Rashmi Rekha Satapathy

She holds the position of Assistant Professor (Stage-III) at Department of Chemistry, Ravenshaw University. She has more than 10 years of teaching and research experiences in the extended field of organic chemistry. She has 24 publications in peer review journals to her credit. She completed her Ph.D in 2008 in organic synthesis. Her postdoctoral work at Northern Illinois University, USA was synthesis of carborane based organic and organometallic compounds.

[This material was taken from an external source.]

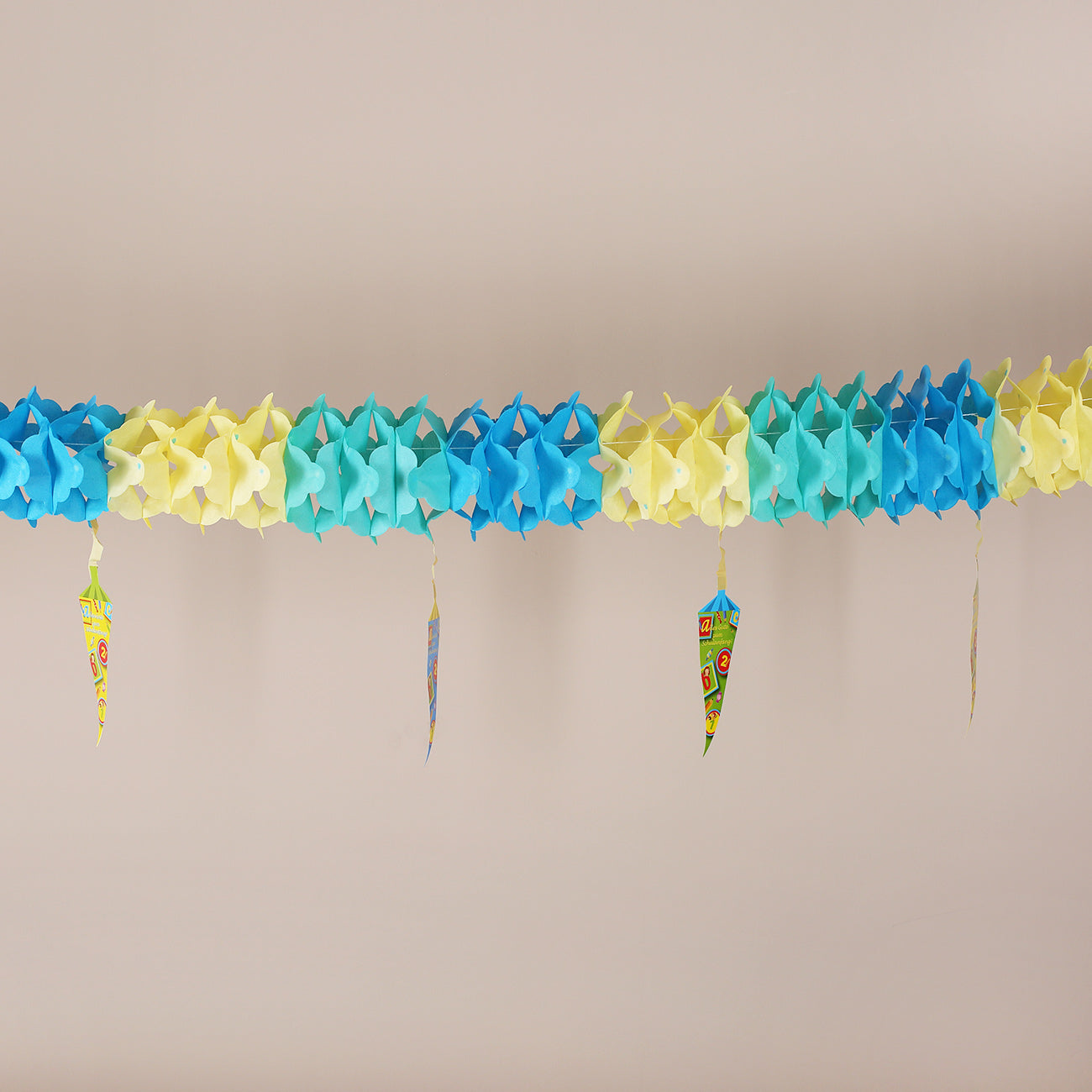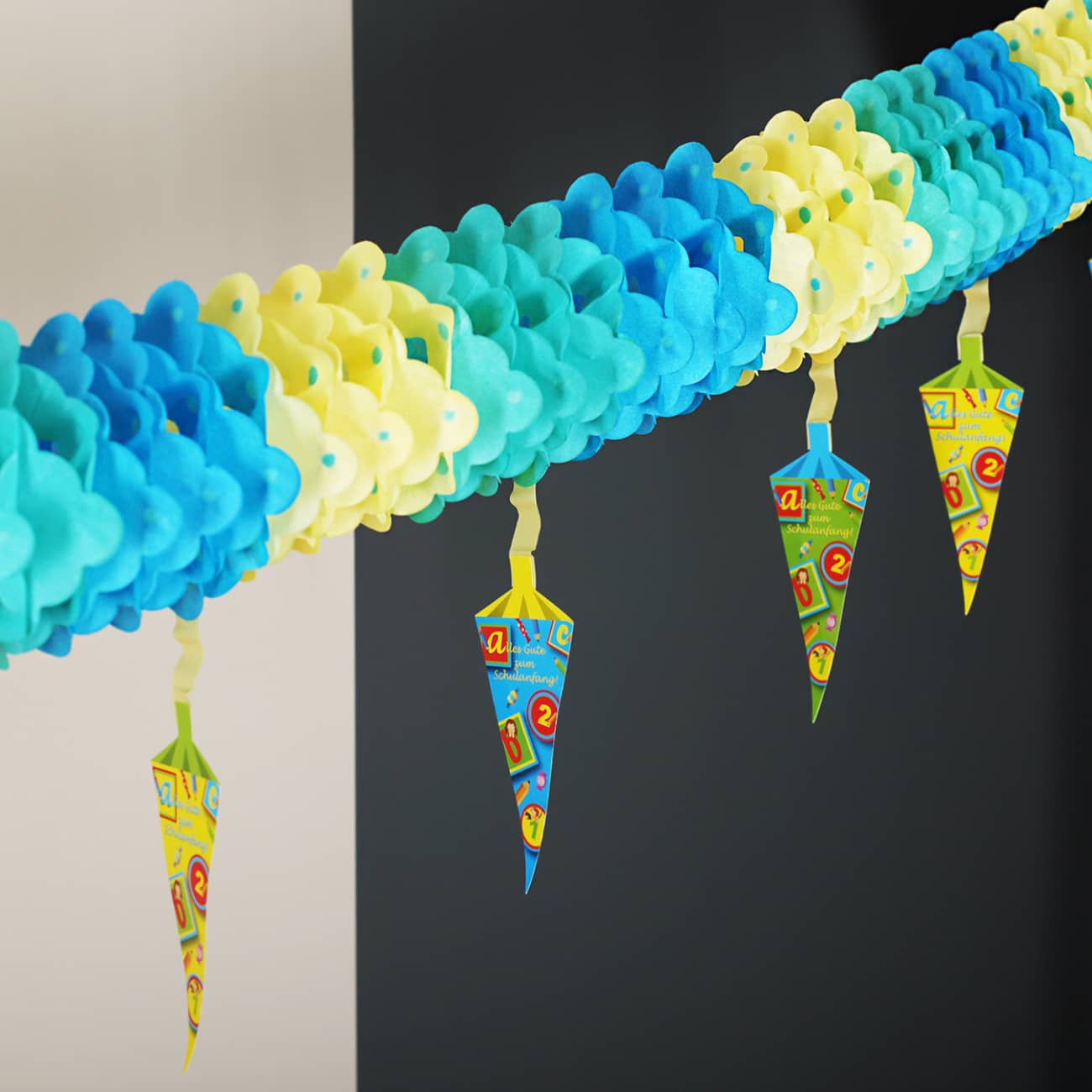 Die bunte Girlande hat eine Länge von 4 Meter und besteht aus Papier und hat insgesamt 12 Dekoanhänger in Form einer Schultüte. Dekorieren Sie mit dieser auffälligen Party-Girlande Ihre Location für die Schuleinführungsfeier und machen sie Ihrem Schulkind eine Freude.

Her current research interest is focused on designing and synthesis of various organic small molecules, study of photophysical properties of fluorescent molecules and development of fluorescent materials for sensing applications. Synthesis of carborane based biomolecules and dendritic macromolecules and study their anticancer activity in various cancer cell lines.

Selected Publications

  1. B. R. Swain, C. S. Mahanta, B. B. Jena, S. K. Beriha, B. Nayak, R. Satapathy, B. P. Dash, Preparation of dendritic carboranyl glycoconjugates as potential anticancer therapeutics, RSC Advances 2020, 10, 34764-34774.
  2. B. B. Jena, S.R.Jena, C. S. Mahanta, B. R. Swain, L. Samanta, B. P. Dash, R. Satapathy, Triazine-Cored Dendritic Molecules Containing Multiple Carborane Clusters, Appl. Organomet. Chem. 2020, 34, e5754.
  3. C. S. Mahanta, S. Aparna, S.K. Das, B. B. Jena, B. R. Swain, M. Patri, B. P. Dash, R. Satapathy, Star-Shaped Phenylene BODIPY: Synthesis, Properties and Biocompatibility Assessment using Zebrafish, Chemistry Select 2020, 5, 8429-8434.
  4. B. B. Jena, L. Satish, C. S. Mahanta, B. R. Swain, H. Sahoo, B. P. Dash, R. Satapathy, Interaction of carborane-appended trimer with bovine serum albumin: a spectroscopic investigation, Inorganica Chim. Acta, 2019, 491, 52-58.
  5. C. S. Mahanta, B. P. Dash, R. Satapathy, Cobaltabisdicarbollide Based Metallodendrimers with Cyclotriphosphazene Core, Journal of Organometallic Chemistry. 2018, 865, 183-188.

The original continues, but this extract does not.